Step 4, adding regional dynamic weight:
aiming at the difference of the attention degree of the user to the area, the dynamic weight of the area level interest is obtained by using a DBSCAN clustering algorithm, and the real area preference of the user is expressed by combining the area level interest preference.
Step 5, combining the personal interests and the region interests of the user:
the interest of the user to each interest point cannot be ignored while the region level interest is captured, so that the interest preference of the user can be complete as much as possible by fusing personal interests, and the effect of recommending the interest points is improved.
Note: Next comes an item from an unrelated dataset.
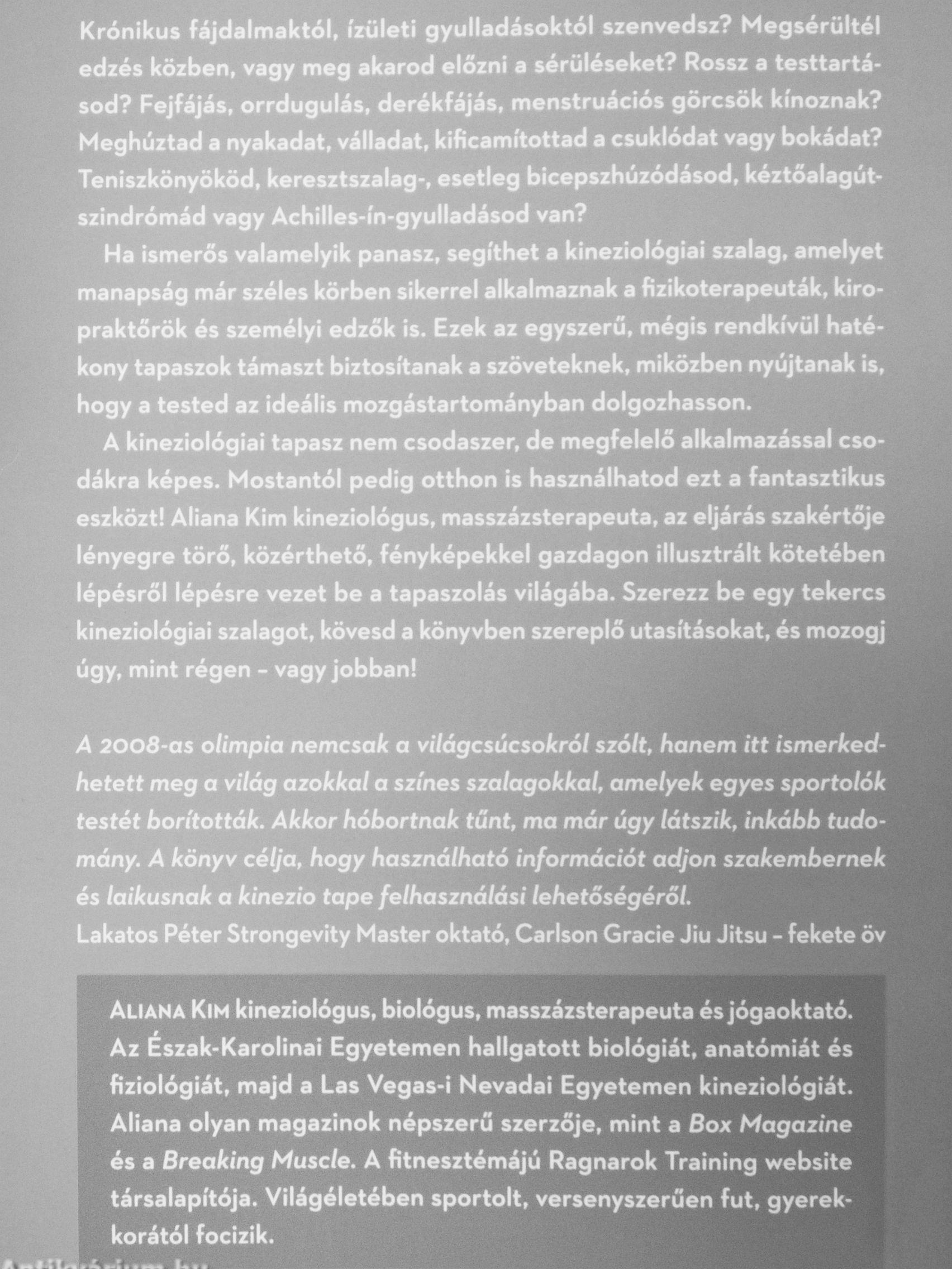 A 2008-as olimpia nemcsak a világcsúcsokról szólt, hanem itt ismerkedhetett meg a világ azokkal a színes szalagokkal, amelyek egyes sportolók testét borították. Akkor hóbortnak tűnt, ma már úgy látszik, inkább tudomány. A könyv célja, hogy használható információt adjon szakembernek és laikusnak a kinezio tape felhasználási lehetőségéről. Lakatos Péter Strongevity Master oktató, Carison Gracie Jlu Jitsu - fekete öv

Step 6, recommending the top-k interest points to the user:
combining the above interest scores, top-k most interesting points of interest that have not been visited before will be recommended to the user.
Specifically, the data preprocessing part of step 1 will have the following steps:
1-1, the historical sign-in data of the user is not only messy, but also redundant, and in order to solve the problems, a main body (user ID + interest point ID) is firstly determined, then all data are used as keys, and the accumulated sign-in times are used as values, namely the most basic data composition (user ID, interest point ID, sign-in frequency) of the invention.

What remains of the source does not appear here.